Nevermore Perched Outside My Chamber Door

When it comes to education, teacher unions—and their left-leaning allies—are never wrong, no, never, nevermore.  Any assiduous reader of the New York Times (NYT)—if only that and nothing more—would so conclude.

In “bleak December,” I resolved to prove that dreary proposition wrong.  In an age of talk radio croaks, our country’s great paper of record is “a sainted maiden, a rare and radiant maiden” that “discourse[s] so plainly” it perpetuates the standards of balanced, objective journalism undermined by the internet.

“Beguiling all my sad soul into smiling” when I glanced at the paper outside my chamber door on the second day of the new year was the headline “Public Workers Facing Outrage as Budget Crises Grow.”  NYT was about to provide good and just reasons for taxpayer wrath, leavened, of course, by responses from those representing teacher and other public sector unions.  “Dreaming dreams no mortal dared to dream before,” I rejoiced over the ease with which I would fulfill my New Year’s resolution.
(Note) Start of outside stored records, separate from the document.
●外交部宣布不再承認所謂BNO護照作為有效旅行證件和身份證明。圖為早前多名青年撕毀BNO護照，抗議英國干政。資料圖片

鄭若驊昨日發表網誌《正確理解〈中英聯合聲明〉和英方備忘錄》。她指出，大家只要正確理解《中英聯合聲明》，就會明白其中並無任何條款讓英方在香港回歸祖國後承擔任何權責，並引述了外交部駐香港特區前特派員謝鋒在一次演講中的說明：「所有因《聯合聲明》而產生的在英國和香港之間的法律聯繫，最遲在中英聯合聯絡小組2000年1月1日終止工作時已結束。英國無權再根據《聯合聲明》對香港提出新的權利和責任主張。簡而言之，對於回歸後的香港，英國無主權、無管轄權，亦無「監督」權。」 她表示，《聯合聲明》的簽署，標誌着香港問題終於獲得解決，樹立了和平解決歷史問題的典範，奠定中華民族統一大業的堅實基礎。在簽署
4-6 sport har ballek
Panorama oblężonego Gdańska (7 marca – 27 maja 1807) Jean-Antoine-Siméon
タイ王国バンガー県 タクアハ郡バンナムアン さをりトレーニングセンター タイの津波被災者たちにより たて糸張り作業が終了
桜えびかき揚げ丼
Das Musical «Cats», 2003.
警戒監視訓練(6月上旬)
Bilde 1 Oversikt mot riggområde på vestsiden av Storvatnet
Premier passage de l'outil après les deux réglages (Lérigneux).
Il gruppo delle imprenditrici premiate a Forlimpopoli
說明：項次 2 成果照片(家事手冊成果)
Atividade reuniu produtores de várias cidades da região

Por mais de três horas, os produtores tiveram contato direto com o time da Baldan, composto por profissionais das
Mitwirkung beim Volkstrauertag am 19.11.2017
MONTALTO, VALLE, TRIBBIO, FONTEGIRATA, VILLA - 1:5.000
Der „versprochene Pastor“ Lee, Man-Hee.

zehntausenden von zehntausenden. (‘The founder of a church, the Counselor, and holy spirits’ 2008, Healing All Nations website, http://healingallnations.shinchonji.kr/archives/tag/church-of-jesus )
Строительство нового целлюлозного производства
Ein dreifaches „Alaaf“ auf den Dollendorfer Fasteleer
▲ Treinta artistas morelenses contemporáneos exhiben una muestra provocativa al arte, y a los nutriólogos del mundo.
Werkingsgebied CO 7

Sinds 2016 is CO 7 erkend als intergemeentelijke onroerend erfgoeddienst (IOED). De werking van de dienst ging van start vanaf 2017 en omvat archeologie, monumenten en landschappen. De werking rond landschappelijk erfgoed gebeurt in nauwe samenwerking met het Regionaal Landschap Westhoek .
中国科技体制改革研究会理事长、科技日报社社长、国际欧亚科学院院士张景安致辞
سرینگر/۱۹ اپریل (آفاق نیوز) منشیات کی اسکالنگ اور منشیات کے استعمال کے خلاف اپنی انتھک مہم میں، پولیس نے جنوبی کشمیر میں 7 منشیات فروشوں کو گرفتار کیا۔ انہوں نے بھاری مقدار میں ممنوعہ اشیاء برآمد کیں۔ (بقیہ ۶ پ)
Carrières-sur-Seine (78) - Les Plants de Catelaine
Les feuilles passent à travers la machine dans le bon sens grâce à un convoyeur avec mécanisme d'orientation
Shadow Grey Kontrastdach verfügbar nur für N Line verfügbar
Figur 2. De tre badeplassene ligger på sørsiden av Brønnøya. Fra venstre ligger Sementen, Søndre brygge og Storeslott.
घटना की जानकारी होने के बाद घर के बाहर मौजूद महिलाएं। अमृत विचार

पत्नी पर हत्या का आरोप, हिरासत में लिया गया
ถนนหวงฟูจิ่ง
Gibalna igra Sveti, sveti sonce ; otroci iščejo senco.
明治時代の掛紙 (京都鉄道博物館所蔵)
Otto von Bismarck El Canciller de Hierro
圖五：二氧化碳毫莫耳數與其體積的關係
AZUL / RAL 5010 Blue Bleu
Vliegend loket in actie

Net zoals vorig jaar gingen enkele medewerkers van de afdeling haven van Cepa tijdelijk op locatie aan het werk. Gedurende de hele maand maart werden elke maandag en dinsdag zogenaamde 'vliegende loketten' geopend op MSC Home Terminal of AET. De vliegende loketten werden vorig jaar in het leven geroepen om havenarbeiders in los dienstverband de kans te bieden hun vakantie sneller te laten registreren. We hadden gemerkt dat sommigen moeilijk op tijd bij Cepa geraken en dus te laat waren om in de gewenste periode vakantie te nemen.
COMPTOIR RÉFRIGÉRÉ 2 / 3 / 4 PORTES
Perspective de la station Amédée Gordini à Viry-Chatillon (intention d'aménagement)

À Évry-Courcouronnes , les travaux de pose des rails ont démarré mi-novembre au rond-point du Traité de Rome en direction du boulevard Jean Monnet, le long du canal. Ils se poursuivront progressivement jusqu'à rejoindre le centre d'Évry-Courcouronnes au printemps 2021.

But soon “I pondered weak and weary” over “many a quaint and curious” passage.  An attractive New Jersey art teacher, known for her confrontation with Governor Chris Christie at a town meeting where she had “pleaded the case for struggling teachers,” was being called “horrible names” by “people I don’t even know.”

Oh, no. Not that same old, hopefully forgotten lore about poor teachers abused by the mighty and powerful.  Still, I rejected that weary thought:  Just an opening gambit to get attention, just a “visitor entreating entrance at my chamber door. That it is, and nothing more.”

Soon the balance will be tapping, gently rapping, in paragraphs to come. Parents will complain about poor schools. The rising costs of education will be documented. Alas, the best I can find is a quotation from an historian at the Manhattan Institute, carefully defined as “conservative leaning,” making the claim that public-sector unions give “public officials support and get good contracts back.”

Immediately, I am told the historian is flat out wrong. “A raft of recent studies found that public salaries, even with benefits included, are equivalent to or lag slightly behind those of private sector workers.”  Even that conservative Manhattan Institute “concluded that [New Jersey] teachers earned wages roughly comparable to people in the private sector with a similar education.”

As respected economist Michael Podgursky has shown (in “Fringe Benefits: There Is More to Compensation than a Teacher’s Salary”), teacher salaries resemble those in the private sector only if you ignore their tenure privileges, their 2-3 month summer break, their shortened work day, and their lengthy vacations in bleak December and verdant spring alike.

Apparently, the NYT fact-checker is unfamiliar with the Podgursky study—and the fact that school begins in September and ends in early June. On that topic, nothing further is then uttered, not a feather to be fluttered, not a mention can be muttered.

Instead, we learn from a study by the Economic Policy Institute (its financial dependence on labor unions is never uttered), that even though teachers are struggling, blue collar workers in the public sector are better paid than their private counterparts.  Such differentials are needed, we are told, to avoid “a race to the bottom” in which private salaries chase public ones downward.

At the very end of the story, a New Jersey card dealer (for whom it was hard for my weary soul to work up much sympathy) is quoted as saying “my hours are cut, and my taxes are killing me.” But that view is generously offset by the words of a “white-haired, retired, undercover police officer” (each adjective warming my heart): “I understand pulling in belts, but you talking about janitors and cops, or the free-loading freeholder?”

A taxpaying freeholder transformed a free-loader!??!

“By that Heaven that bends above us – by that God we both adore

Tell this soul with sorrow laden,”

Tell me, tell me that such opinion has no basis in fact. Freeholders own their property, to be sure, but only if they pay their taxes!

Quoth the reporter (sub-silento): “Nevermore.”

“But, with mien of lord or lady, perched [outside] my chamber door –
Perched upon a [bench] just [outside] my chamber door” – lies the paper evermore.